My dad—my real dad, Collin Walsh—was the one who took me to dance classes, had action movie marathons with me, and snuck ice cream after bedtime. This feels like treachery to him.

That cliche adage he'll always be my dad to me crosses my mind, and while it's too true, it doesn't feel like it's enough.

I lick my lips and I yell once more. A quick, anguished sort of sound as I give my emotions to the moon and the stars. I hope Hades himself can hear my plea.

“Daughter—his daughter. Ha!” I scoff.

How can I be the daughter of a man I just met? A man who's in charge of the Las Vegas mob. A man who hates my men because of their father. What kind of relationship is even possible for two people like that? From where I'm sitting, there is no possibility.
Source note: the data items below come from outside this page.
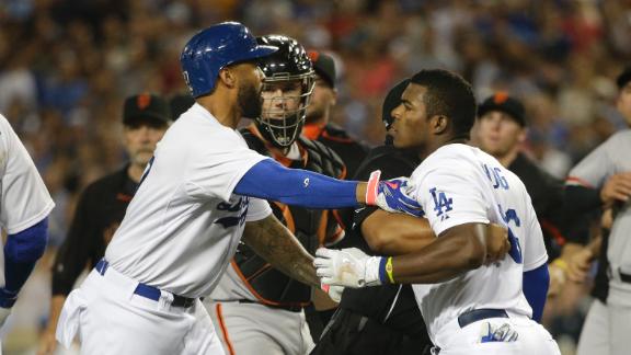 LOS ANGELES -- Benches emptied in the first inning of the Los Angeles Dodgers' 4-2 win over the San Francisco Giants on Tuesday night after Madison Bumgarner hit Yasiel Puig with a pitch on the left ankle.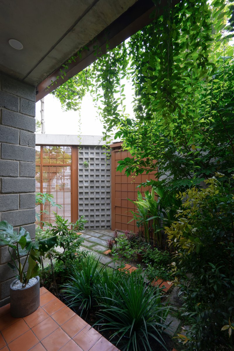One of the most remarkable features of the House in Binh Duong is its seamless transition between indoor and outdoor spaces. The integration of verandas, courtyards, and corridors enhances air circulation and softens natural light. These buffer spaces not only improve the living conditions within the home but also create a harmonious connection with nature.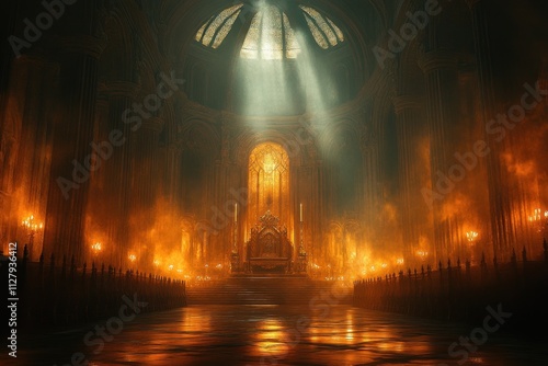 gothic throne room illuminated with golden candlelight featuring ornate antique chair and dramatic shadows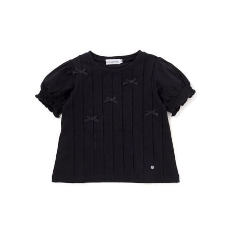 リボン×ピンタックが上品可愛い。ふんわり袖のガーリーな女の子用半袖Tシャツ。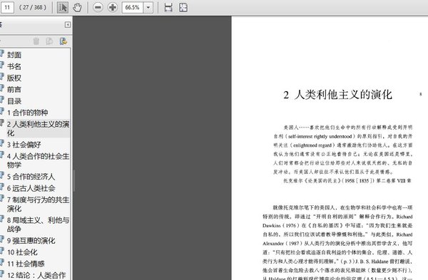: 前言 1 合作的物种 2 人类利他主义的演化 2.1 偏好、信念和约束 2.2 社会偏好与社会困境 2.3 基因、文化、群体和制度 2.4 预览 3 社会偏好 3.1 强互惠的普遍性 3.2 搭便车者瓦解合作 3.3 利他惩罚可以维护合作 3.4 惩罚的效率取决于正当性 3.5 纯粹符号惩罚的效率 3.6 人们惩罚伤害他人者 3.7 社会偏好并不是非理性 3.8 文化和制度也很重要 3.9 群体成员身份对行为的影响 3.10 人们享受合作和惩罚搭便车者的行为 3.11 实验和自然背景下的社会偏好 3.12 相互抗衡的解释 4 人类合作的社会生物学 4.1 内含适应性与人类合作, 4.2 多层选择模型 4.3 均衡选择 4.4 互惠利他 4.5 大群体中的互惠利他, 4.6 声誉:间接互惠 4.7 利他主义作为品性信号 4.8 正向选型 4.9 机制与动机 5 合作的经济人 5.1 俗定理和演化动力学 5.2 不完美公共信息下的俗定理 5.3 私有信息下的俗定理 5.4 演化无关均衡 5.5 社会规范与相关均衡, 5.6 消失的编舞者 6 远古人类社会 6.1 四海为家 6.2 遗传学证据 6.3 史前战争 6.4 社会秩序的基础 6.5 合作的考验 7 制度与行为的共生演化门 7.1 选择性灭绝 7.2 繁殖均整化 7.3 群体间遗传分化 7.4 同类群灭绝和利他主义演化 7.5 澳大利亚实验场 7.6 制度与利他的共生演化 7.7 基因-文化共演化仿真 7.8 均整者与战士 8 局域主义、利他与战争门 8.1 局域利他与战争 8.2 局域性利他与战争的涌现 8.3 仿真与实验中的局域性利他主义 8.4 曾经的“红牙红爪”带给我们的遗产 9 强互惠的演化 9.1 协调惩罚 9.2 真实人口中的利他惩罚 9.3 强互惠的涌现 9.4 为什么协调惩罚能够成功 9.5 分散化社会秩序 10 社会化 10.1 文化传播 10.2 社会化与降低适应性规范的存活 10.3 基因、文化和规范内化 10.4 作为搭车者的内化规范 10.5 降低适应性规范的基因-文化共演化 10.6 内化规范如何成为利他规范? 10.7 可编程的大脑 11 社会情感 11.1 互惠、羞耻与惩罚 11.2 社会情感的演化 11.3 “我们生活的伟大主宰” 12 结论:人类合作及其演化 12.1 人类合作的起源 12.2 合作的未来, 附录 A1 定义利他主义 A2 基于主体的模型 A3 博弈论 A4 动力系统 A5 复制子动态 A6 延续概率和时间折现因子 A7 声誉模型的替代品 A8 公共信号和私有信号下的囚徒困境博弈 A9 学生与非学生的实验被试 A10 Price方程 A11 弱多层选择 A12 群体感应下的合作与惩罚 参考文献 主题索引 作者索引

I hear movement behind me, a soft shuffling of feet, but I keep my eyes closed and my face tipped towards the heavens. In an ironic twist of fate, I find myself once again, seeking solace from the stars. Something my dad once taught me.

I choke a little on the word dad. It's stupid, I know. He raised me, and he was a father in every sense of the word. I scrunch my face up, trying to wade through my messy nest of emotions. My eyes well behind closed lids, and a tear trails down my cheek.

I don't move to wipe it away. It feels wrong somehow. I'm not ashamed of my emotions. And my mother isn’t here to shove me in a corner and tell me to look pretty and be quiet. I exhale a breath, feeling a little more centered.

“Do you think he knew? My dad, I mean.” My whispered words get swept up by the warm breeze. I'm kind of surprised it's still so warm out. I always thought the desert was supposed to get cold at night.

“I don't know.” Leo's voice is low and soothing. “But even if he did, he loved you.”

It brings a fresh wave of tears to my eyes. They roll down my cheeks, fall off the edge of my chin, and splash onto my chest. Somehow I knew it would be Leo to come for me. We have a different connection, him and I. Truthfully, I have a unique connection with all four of them. One that I hope to strengthen over time.